AB 553 would protect elderly against reverse mortgages (2-year bill)
Update: AB 553 has been made into a 2-year bill.
The commercials make it look enticing: Get cash now, go on a cruise, pay off your debts, and enjoy the good life. It’s easy. Just get a government-insured reverse mortgage. But what they don’t make clear is that a reverse mortgage is debt ‘ and one of the most expensive forms of credit available.
For those with few assets, a reverse mortgage can seem like a lifesaver. Used correctly, reverse mortgages can be a valuable tool for seniors to stay in their homes and access money needed for retirement or to pay hefty medical bills. People who are at least 62 years of age who have built up equity in their homes can borrow against a percentage of the equity, eliminate their monthly mortgage payment, and either take out a lump sum payment or a line of credit. The loan doesn’t have to be repaid until homeowners move out or die, but borrowers still have to pay property taxes, maintenance, and insurance.
At the same time, reverse mortgages are costly with high fees and interest charges, and often have been sold by salespeople who aggressively push inappropriate financial products on uninformed and unsuspecting senior homeowners. Some lenders have used deceptive marketing and sales tactics that include pressuring for quick decisions, glossing over important information, or appealing to an elder’s sense of trust. They may promise that the loans are ‘free money’ to finance vacations and luxuries, without clearly explaining the risks.

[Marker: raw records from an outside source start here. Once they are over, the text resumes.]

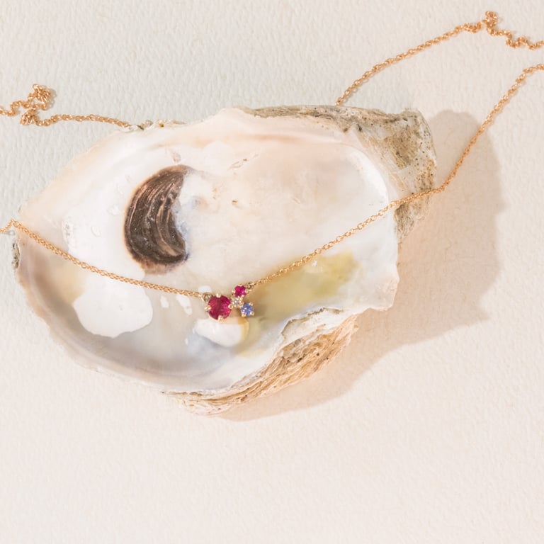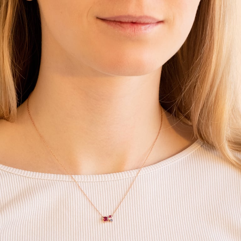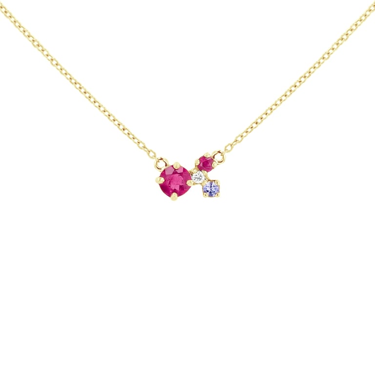Cluster-Kette mit Turmalin, Tansanit, Rubin und einem Diamanten Millie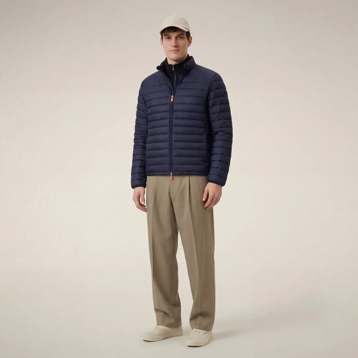 Bestseller dello stile Save The Duck, il piumino uomo modello Alexander è realizzato in nylon leggero con morbida imbottitura in Plumtech®. Tagliato con collo alto e tasche zippate, si distingue per il tiretto personalizzato e il logo rotondo sulla manica sinistra color arancione. Tutto il comfort di un piumino 100 grammi, in una versione 100% animal-free.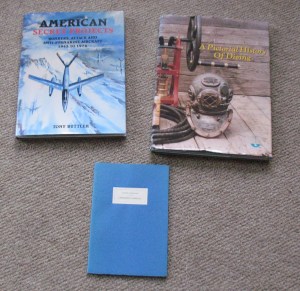 I wanted a copy of A Pictorial History of Diving the moment I stumbled across a copy on eBay. But it was over $100. So I kept an eye open, but in the end I had to source a reasonably-priced copy from abebooks.co.uk. I have quite a few of the Secret Projects book, but I missed several when they were originally published in the 2000s, like this one, American Secret Projects: Bombers, Attack and Antisubmarine Aircraft 1945 to 1979. The Lawrence Durrell chapbook is a signed limited chapbook from Tragara Press reprinting David Gascoyne’s obituary of Durrell from The Indpendent. Well, Durrell innit.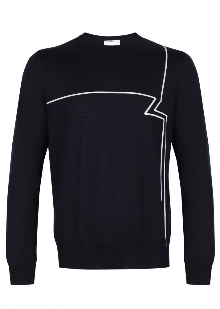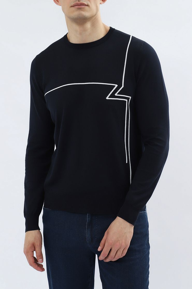 Джемпер с жаккардовым рисунком в виде зашифрованной буквы Z. Модель свободного кроя с круглым воротником, манжетами и нижним краем из трикотажа в рубчик.

Unfortunately, borrowers are putting their savings at risk by increasingly taking out reverse mortgages at younger ages and in lump sums. According to a Consumer Financial Protection Bureau (CFPB) report, in 2011, 73% of borrowers took all or almost all of their available funds upfront at closing. Borrowers who withdraw all of their available home equity upfront will have fewer resources to draw upon to pay for everyday and major expenses later in life. Borrowers who take all of their money upfront are also at greater risk of becoming delinquent on taxes and/or insurance and ultimately losing their homes to foreclosure.
Other issues surface with reverse mortgages. Brokers may earn more money when they make larger loans with the older spouse as the only borrower. Some widows have been evicted after they had been pressured to keep their name off the deed – to make their older spouses the sole borrower on the loan – without being told that they could be left facing
foreclosure after their spouse died.
When a borrower dies or moves out, the loan must be repaid. The borrower’s family has the option of keeping the home by paying off the balance due or by selling the home and using the proceeds to pay off the reverse mortgage. Surviving family members and heirs may lose the home.

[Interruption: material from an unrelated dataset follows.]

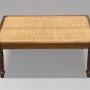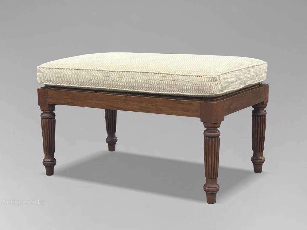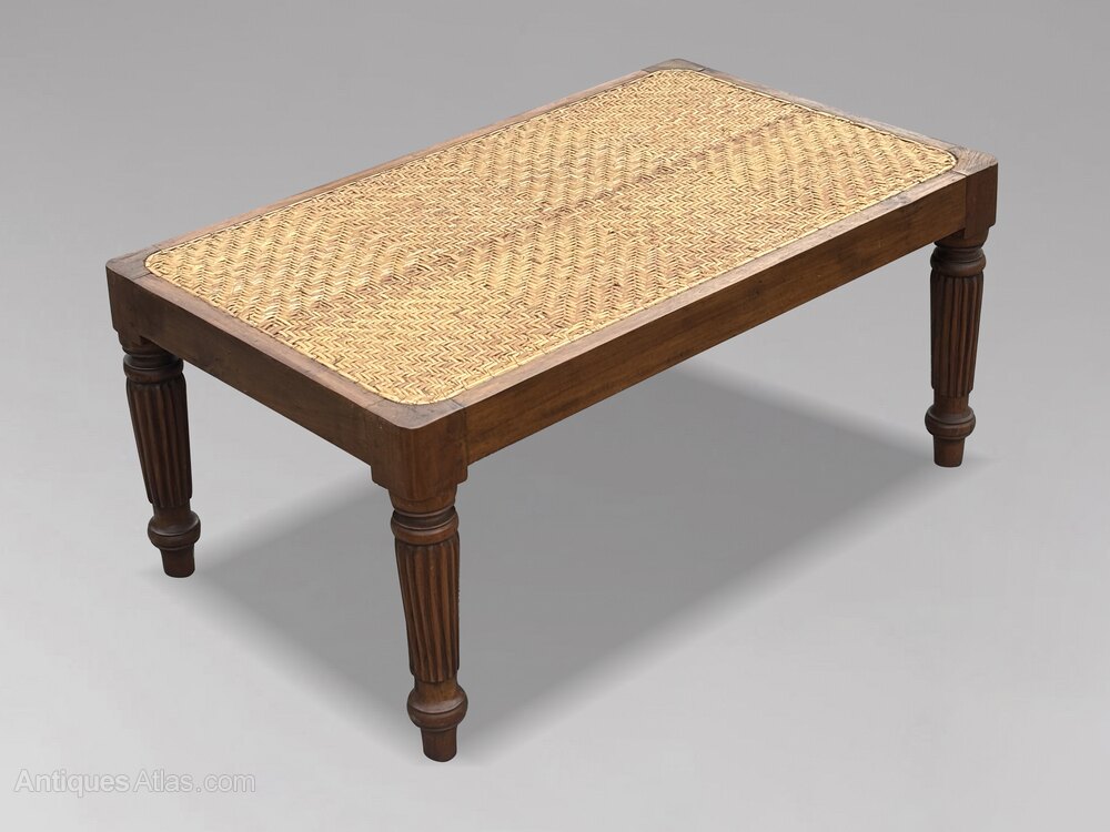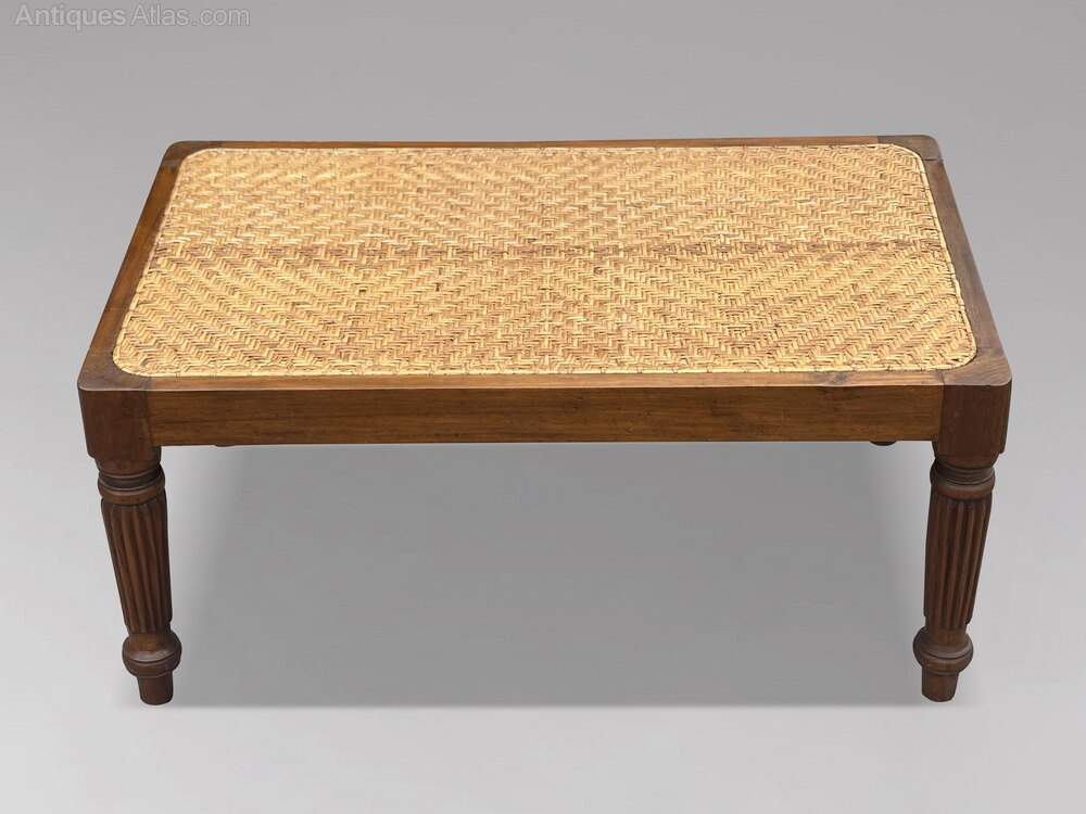 The stool is elevated on tapering, turned, reeded legs, offering both stability and elegance. Its versatile design allows it to be used not only as a stool or luggage stand but also as a unique coffee table, making it a practical addition to any home.

For low-income seniors who rely on public benefits, a reverse mortgage might make one ineligible for services such as food stamps and Medicaid or Supplemental Social Security Income.
Seniors often do not fully understand what they are getting into and are rushed into a decision. Mandatory counseling, which has been a part of the reverse mortgage program since its inception, is intended to counter these concerns. However, counseling itself has not always been effective.

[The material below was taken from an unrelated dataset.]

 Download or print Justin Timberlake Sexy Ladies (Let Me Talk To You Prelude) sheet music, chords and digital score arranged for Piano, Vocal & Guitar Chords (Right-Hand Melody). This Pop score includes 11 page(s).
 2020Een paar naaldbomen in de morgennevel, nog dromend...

Because reverse mortgage decision-making involves a number of complex issues, before committing to a loan, every senior should contemplate possible negative consequences. Seniors need to be aware of the potential downsides of these products that may make them unsuitable for a senior’s needs and long-term financial objectives.
Consumer Federation of California and California Advocates for Nursing Home Reform are co-sponsoring AB 553 (Medina), which would require that a senior applying for a reverse mortgage will receive a copy of a pre-counseling self-evaluation worksheet seven days prior to the required counseling session. The prospective borrower will be advised to complete the worksheet prior to the in-person or telephone counseling session and encouraged to discuss suitability issues with the counselor during the session.
AB 553 would help ensure that seniors understand the reverse mortgage before signing a contract.